◆ Brief: Copy, exactly as written, the lines that begin at the one containing "张益小学语文学科工作室成员围" and end at the one containing "Utilizing Singular Value". Skip any pictures in the data below.

Recorded data
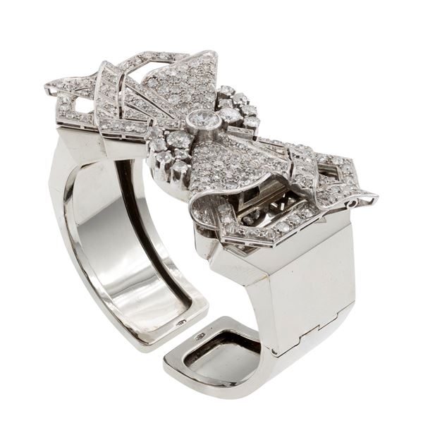 peso spilla 27 gr. - bracciale 55 gr.taglio brillante antico, un diamante centrale ct 0,80 circa e altri diamanti per ct 6 circa, uno mancante, completo di bracciale a manetta in oro bianco 18kt con chiusura a molla su cui si può inserire la spilla, spilla dimensioni 6,4x3,6 cm.
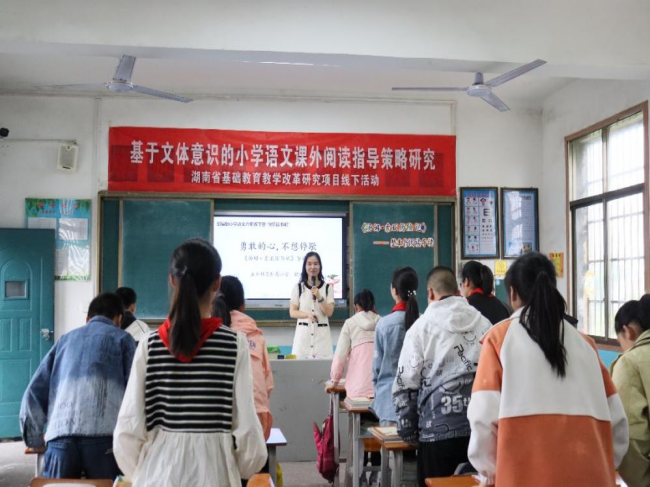 张益小学语文学科工作室成员围绕小学语文课外阅读指导策略研究进行送教,欧瑞梅、刘益兰、赵妮分别执教《汤姆·索亚历险记》导读课、《骑鹅旅行记》推进课、《中国古代寓言故事》分享课,利用多种方式激发学生阅读兴趣,引导学生深入了解书本内容。随后,分别来自沙港学校、小河口学校、兰洲学校的教师李小军、杨佩、张永霞上研讨课,其他教师进行了评课。
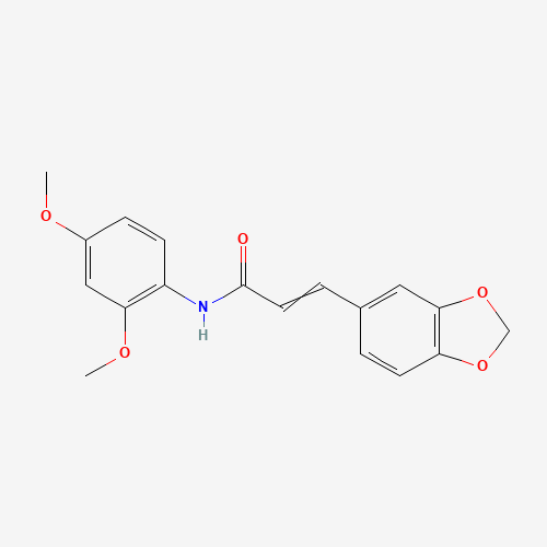 - Synonyms:3-(1,3-benzodioxol-5-yl)-N-(2,4-dimethoxyphenyl)acrylamide;DTXSID401176727;3-(1,3-benzodioxol-5-yl)-N-(2,4-dimethoxyphenyl)prop-2-enamide;AKOS033971607;3-(1,3-Benzodioxol-5-yl)-N-(2,4-dimethoxyphenyl)-2-propenamide;(E)-3-(benzo[d][1,3]dioxol-5-yl)-N-(2,4-dimethoxyphenyl)acrylamide
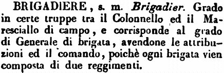 | Brigadiere - S. m. (Mil.) [D'A.] Grado nella milizia, ed è quell'Uffiziale generale che comanda una brigata; ora però si chiama in alcun luogo General maggiore, in altri Maggior generale; in Francia ed in Italia sotto il governo di Napoleone si chiamò Generale di brigata, ed ora colà Maresciallo di campo.
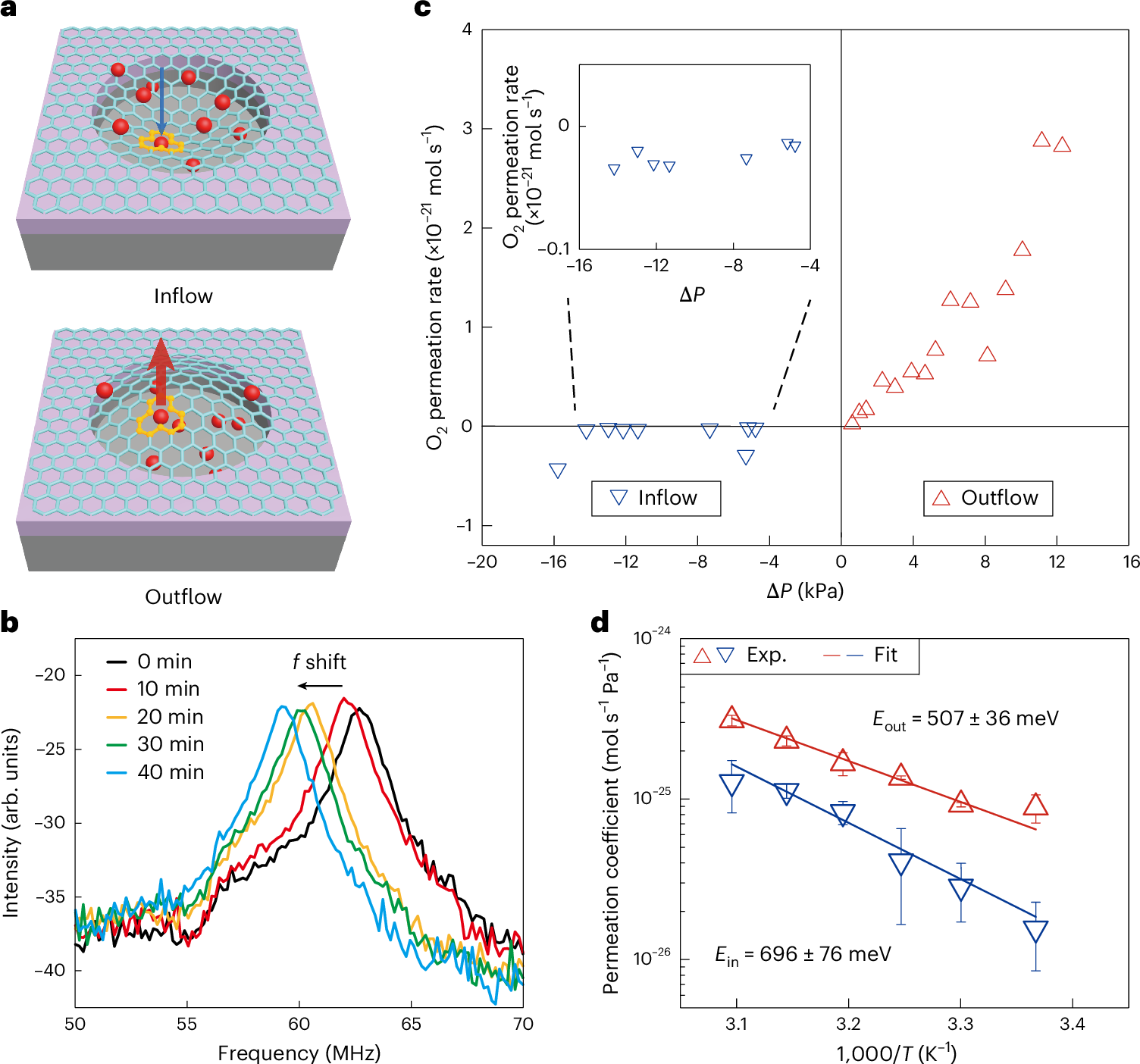 研究团队进而设计搭建了原子级负反馈控制的臭氧刻蚀系统(图2),不仅能在石墨烯上精准刻蚀埃米孔,还能同时在孔边缘形成跨平面不对称分布的含氧官能团,从而构建出Janus结构。为了验证这种埃米孔能否实现气体整流输运,团队制备了10个整流器件(石墨烯层数从单层到三层),并分别测试了典型气体正反两个方向的输运行为(分辨率高达每秒钟几个气体分子),其中氧气(图3)和氮气呈现出显著的整流现象。
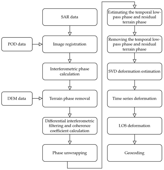 Utilizing Singular Value Decomposition (SVD) to analyze N differential interferograms, thereby deriving deformation velocity values for different SAR image time series. The specific processing steps are shown in Figure 3.
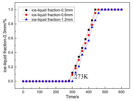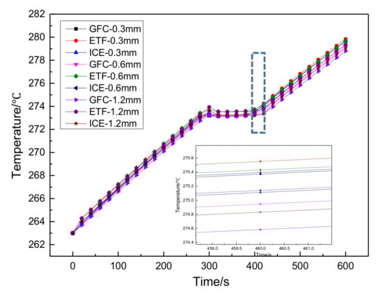 Figure 22 shows the process of the average temperature of each layer of ETF with different pore sizes over time; it can be seen that as the time increases, the temperature of each layer gradually increases, where the temperature of the ETF layer is the highest. The ICE layer is second and the GFC layer is the lowest. It can also be seen that when the temperature rises to 273 K, the ice starts to melt, and the complete melting time lasts for about 10 s. From the beginning to the end of the melting, the temperature curvature of each layer is small. This is because the ice needs to absorb heat during the melting process. After the ice has been completely melted, the temperature of each layer continues to rise. The lower right corner is an enlarged average temperature value of each layer of different ETF pore sizes at 46 s. It can be clearly seen that at the same porosity, the ETF with a hole size of 0.3 mm has the higher temperature compared to the ETF with a 0.6-mm hole size. The temperature of 1.2 mm is the lowest.

◆ Result of this task:
 张益小学语文学科工作室成员围绕小学语文课外阅读指导策略研究进行送教,欧瑞梅、刘益兰、赵妮分别执教《汤姆·索亚历险记》导读课、《骑鹅旅行记》推进课、《中国古代寓言故事》分享课,利用多种方式激发学生阅读兴趣,引导学生深入了解书本内容。随后,分别来自沙港学校、小河口学校、兰洲学校的教师李小军、杨佩、张永霞上研讨课,其他教师进行了评课。
 - Synonyms:3-(1,3-benzodioxol-5-yl)-N-(2,4-dimethoxyphenyl)acrylamide;DTXSID401176727;3-(1,3-benzodioxol-5-yl)-N-(2,4-dimethoxyphenyl)prop-2-enamide;AKOS033971607;3-(1,3-Benzodioxol-5-yl)-N-(2,4-dimethoxyphenyl)-2-propenamide;(E)-3-(benzo[d][1,3]dioxol-5-yl)-N-(2,4-dimethoxyphenyl)acrylamide
 | Brigadiere - S. m. (Mil.) [D'A.] Grado nella milizia, ed è quell'Uffiziale generale che comanda una brigata; ora però si chiama in alcun luogo General maggiore, in altri Maggior generale; in Francia ed in Italia sotto il governo di Napoleone si chiamò Generale di brigata, ed ora colà Maresciallo di campo.
 研究团队进而设计搭建了原子级负反馈控制的臭氧刻蚀系统(图2),不仅能在石墨烯上精准刻蚀埃米孔,还能同时在孔边缘形成跨平面不对称分布的含氧官能团,从而构建出Janus结构。为了验证这种埃米孔能否实现气体整流输运,团队制备了10个整流器件(石墨烯层数从单层到三层),并分别测试了典型气体正反两个方向的输运行为(分辨率高达每秒钟几个气体分子),其中氧气(图3)和氮气呈现出显著的整流现象。
 Utilizing Singular Value Decomposition (SVD) to analyze N differential interferograms, thereby deriving deformation velocity values for different SAR image time series. The specific processing steps are shown in Figure 3.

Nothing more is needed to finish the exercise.